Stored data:
BEGIN
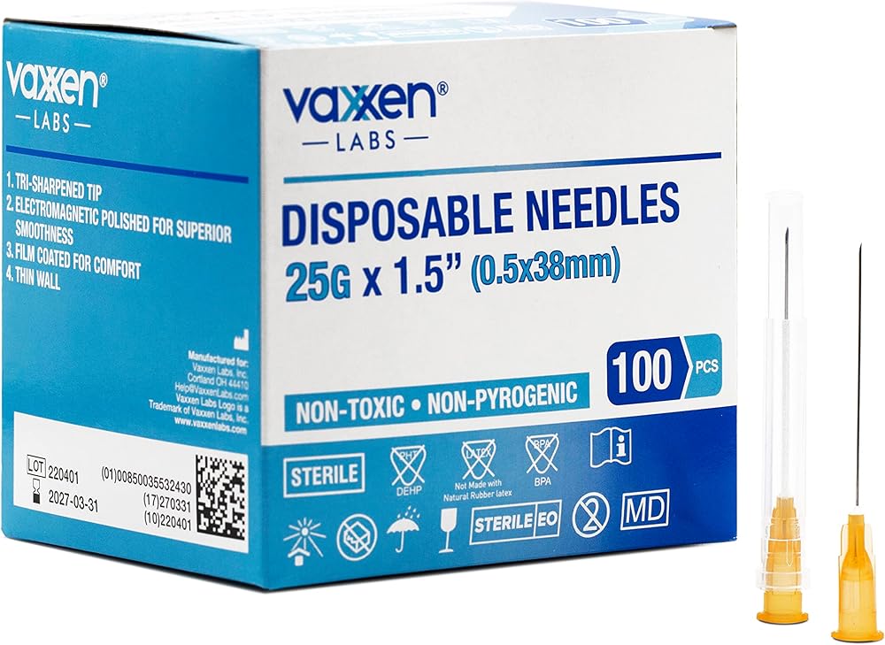 Vaxxen Labs Disposable 25G x 1.5" Luer Lock (Box of 100)
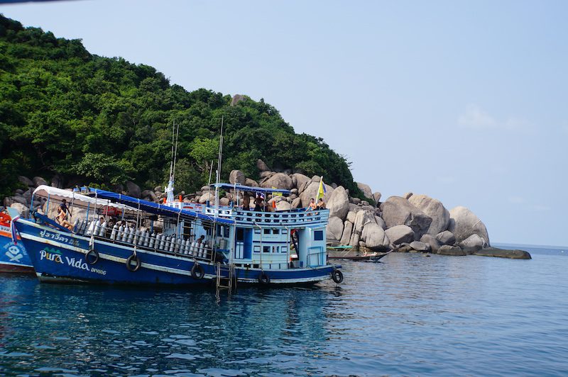 Unseren ersten Tauchgang machten wir, also Dennis, Manu, Max und ich am Chumphon Pinnacle. Die Sicht war wesentlich besser und wir sahen viele Fische, sodass sich der gut 30 minütige Tauchgang sehr kurz anfühlte.
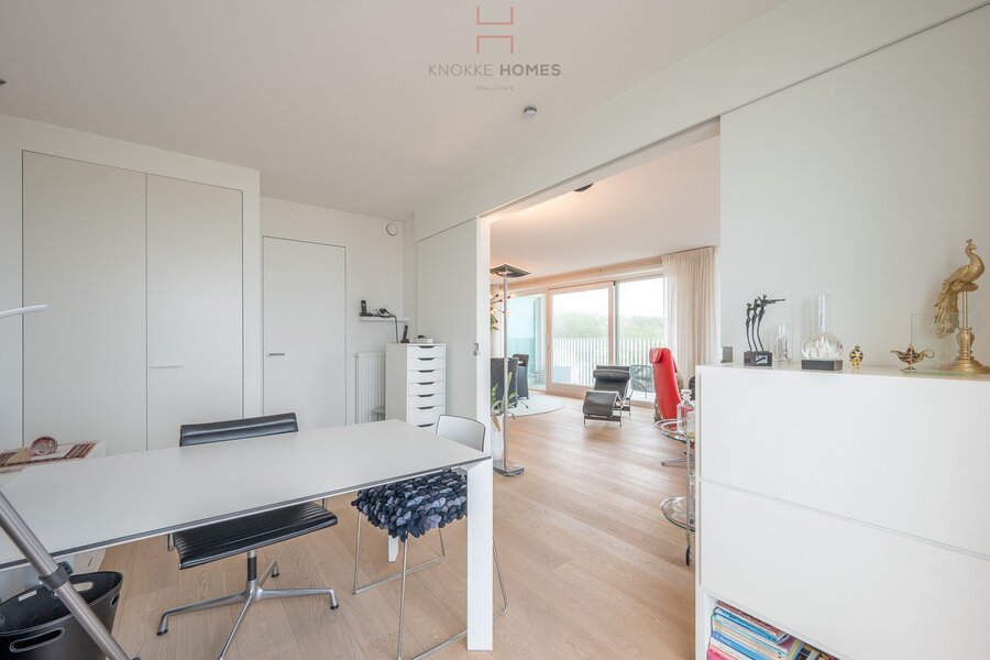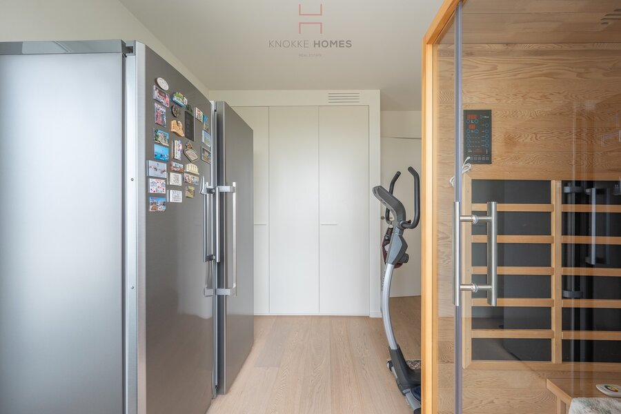 In de inkomhal is het gastentoilet, een vestiaire en een handige bergruimte met aansluiting voor was- en droogmachine. De lichtrijke leefruimte, met een gezellige living en eetplaats, biedt directe toegang tot de zonovergoten terrassen. Geniet van het adembenemende frontale zeezicht en het schitterende uitzicht op het Willemspark, de ideale setting om te ontspannen. Aansluitend vindt u de half-open, volledig uitgeruste keuken, die uitnodigt tot culinaire creaties.
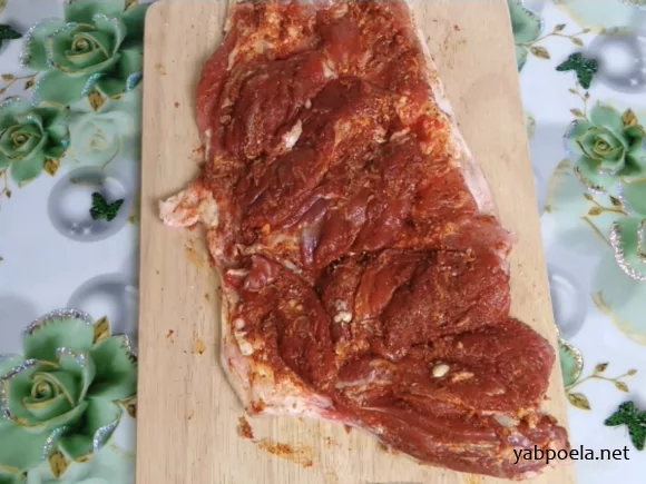 Разрежьте толстые мясные части рульки, чтобы раскрыть ее «книжечкой» и создать равномерный пласт. Срезанные кусочки мяса используйте, чтобы заполнить тонкие или пустые места.
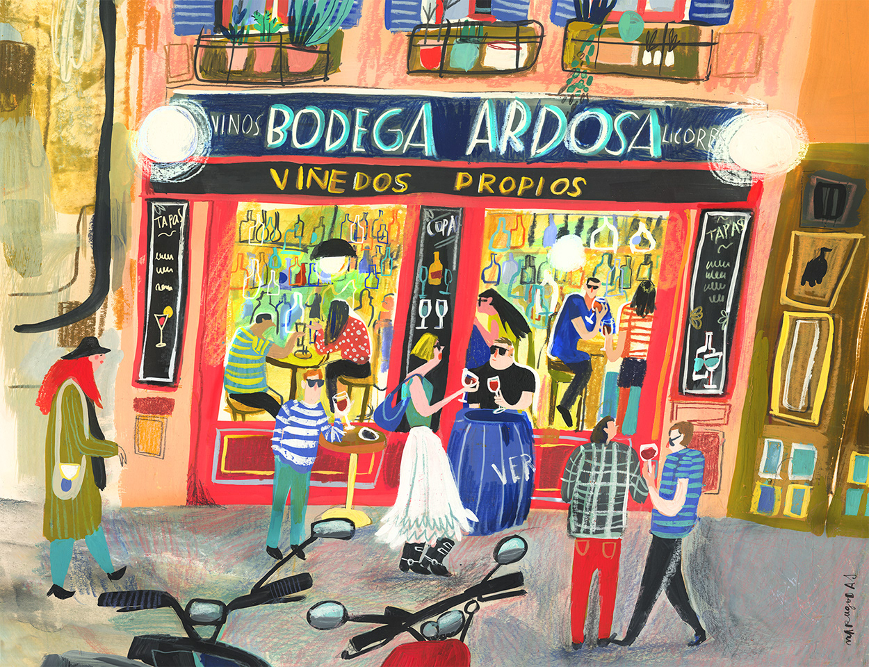 Sketching Madrid 2 Series focused on Madrid’s tapas culture and social atmosphere. The project examines traditional taverns, with particular attention to Bodega de la Ardosa. It includes both group dining scenes and close-up still-life compositions. The pieces are created using gouache, collage, color pencil and mixed media techniques.
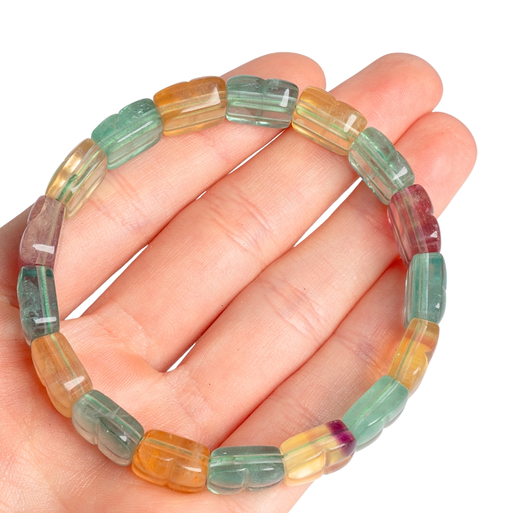 Elastický lesklý náramek z přírodního minerálu fluorit tvořený nepravidelnými nugetkami navlečenými na vícevláknové gumičce.
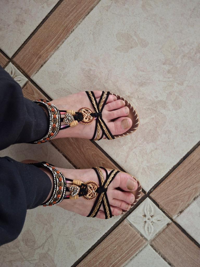 The sandals are beautiful, comfortable. I took a size larger, but could have taken two sizes larger. They will only fit narrow feet!
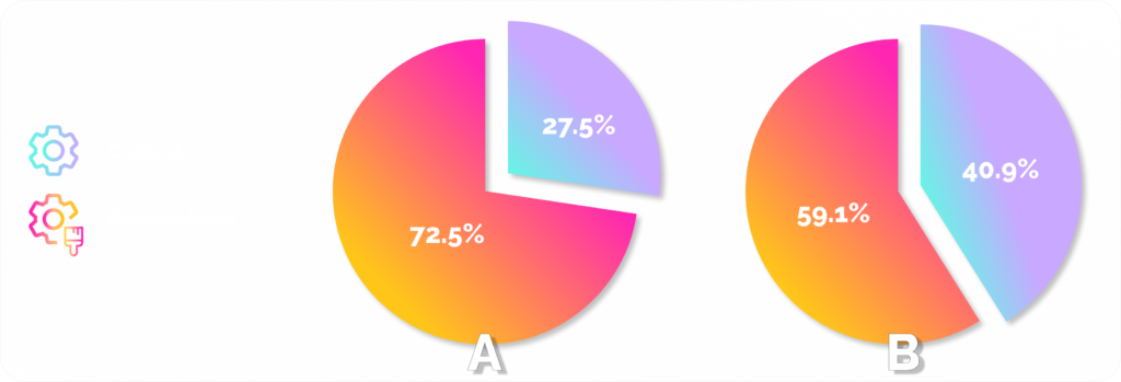 We also assessed the stated preference of our users, which was also notably positive on the personalized journey. In this case, the order of the tests did have an effect on preference, but the customized journey was still a clear favorite for most users.
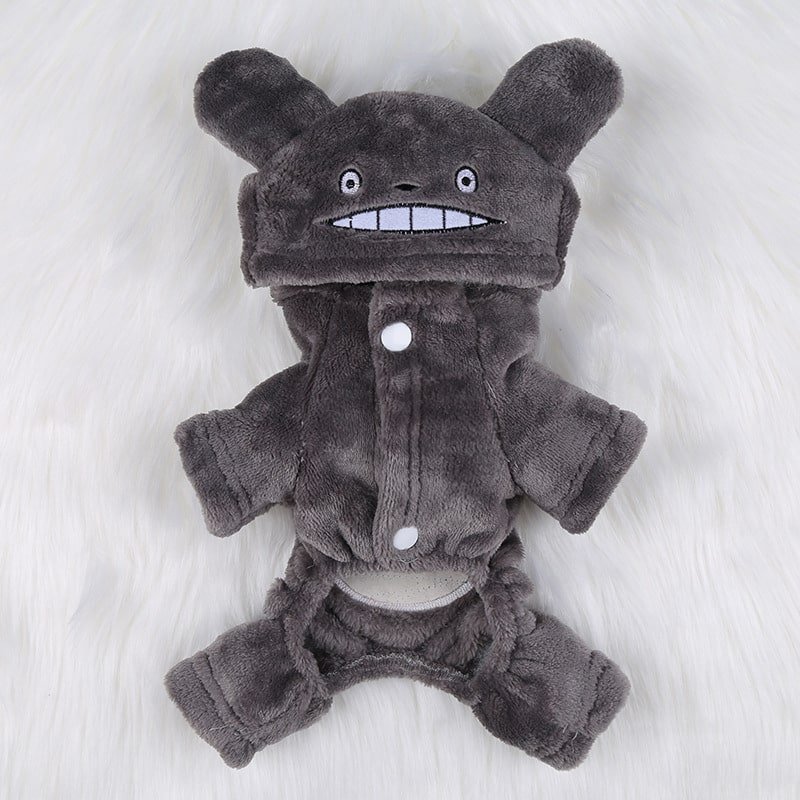 Ce manteau polaire pour petit chien reproduit fidèlement l’apparence du célèbre personnage Totoro avec ses oreilles arrondies caractéristiques et son ventre blanc contrastant avec le corps gris. La capuche intégrée protège efficacement la tête et les oreilles de votre compagnon contre le froid et les intempéries.
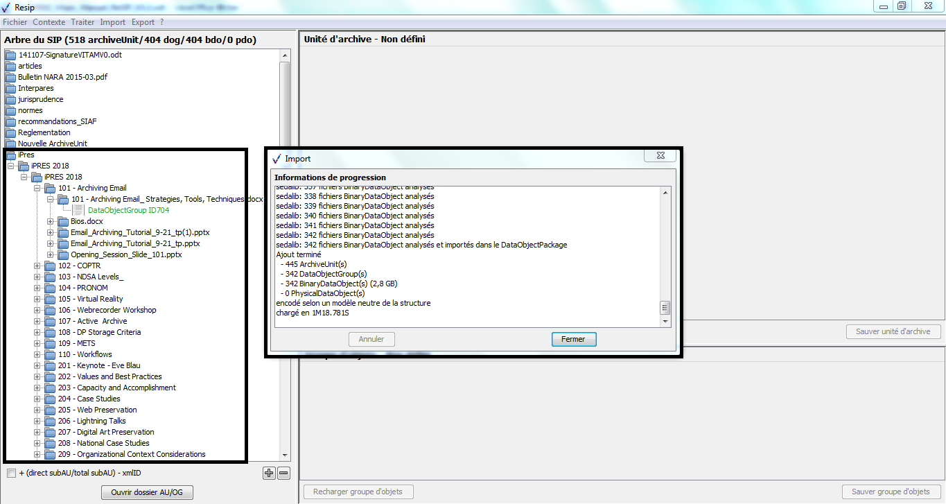 • d’importer des structures arborescentes d’archives et les fichiers qui les représentent ;
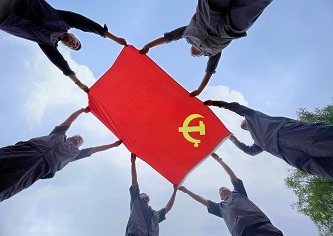 一個支部一座堡壘,一名黨員一面旗幟。今天黨旗在手、黨徽在胸、黨旗飄揚、赤誠永固、我們和黨旗合影,是對黨最崇高的敬意。
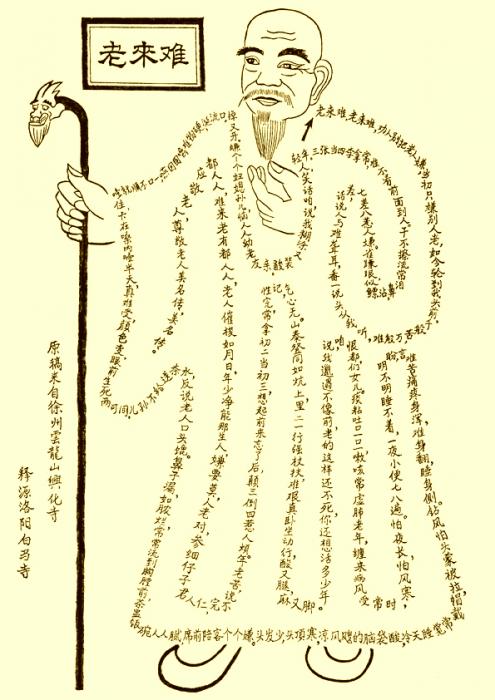 过去有人用这首《老来难》写出了一个身穿长衫拄杖老人的画像,长衫全部是由密密麻麻的文字、语句所组成,老人慈祥端正、惟妙惟肖,形象逼真。在农村很多人将它贴在屋里,用来提醒人们的孝敬心,久传不衰。
END
**Brief**
For the entries above, return an exact copy that omits the images.

**Answer space**
 Vaxxen Labs Disposable 25G x 1.5" Luer Lock (Box of 100)
 Unseren ersten Tauchgang machten wir, also Dennis, Manu, Max und ich am Chumphon Pinnacle. Die Sicht war wesentlich besser und wir sahen viele Fische, sodass sich der gut 30 minütige Tauchgang sehr kurz anfühlte.
 In de inkomhal is het gastentoilet, een vestiaire en een handige bergruimte met aansluiting voor was- en droogmachine. De lichtrijke leefruimte, met een gezellige living en eetplaats, biedt directe toegang tot de zonovergoten terrassen. Geniet van het adembenemende frontale zeezicht en het schitterende uitzicht op het Willemspark, de ideale setting om te ontspannen. Aansluitend vindt u de half-open, volledig uitgeruste keuken, die uitnodigt tot culinaire creaties.
 Разрежьте толстые мясные части рульки, чтобы раскрыть ее «книжечкой» и создать равномерный пласт. Срезанные кусочки мяса используйте, чтобы заполнить тонкие или пустые места.
 Sketching Madrid 2 Series focused on Madrid’s tapas culture and social atmosphere. The project examines traditional taverns, with particular attention to Bodega de la Ardosa. It includes both group dining scenes and close-up still-life compositions. The pieces are created using gouache, collage, color pencil and mixed media techniques.
 Elastický lesklý náramek z přírodního minerálu fluorit tvořený nepravidelnými nugetkami navlečenými na vícevláknové gumičce.
 The sandals are beautiful, comfortable. I took a size larger, but could have taken two sizes larger. They will only fit narrow feet!
 We also assessed the stated preference of our users, which was also notably positive on the personalized journey. In this case, the order of the tests did have an effect on preference, but the customized journey was still a clear favorite for most users.
 Ce manteau polaire pour petit chien reproduit fidèlement l’apparence du célèbre personnage Totoro avec ses oreilles arrondies caractéristiques et son ventre blanc contrastant avec le corps gris. La capuche intégrée protège efficacement la tête et les oreilles de votre compagnon contre le froid et les intempéries.
 • d’importer des structures arborescentes d’archives et les fichiers qui les représentent ;
 一個支部一座堡壘,一名黨員一面旗幟。今天黨旗在手、黨徽在胸、黨旗飄揚、赤誠永固、我們和黨旗合影,是對黨最崇高的敬意。
 过去有人用这首《老来难》写出了一个身穿长衫拄杖老人的画像,长衫全部是由密密麻麻的文字、语句所组成,老人慈祥端正、惟妙惟肖,形象逼真。在农村很多人将它贴在屋里,用来提醒人们的孝敬心,久传不衰。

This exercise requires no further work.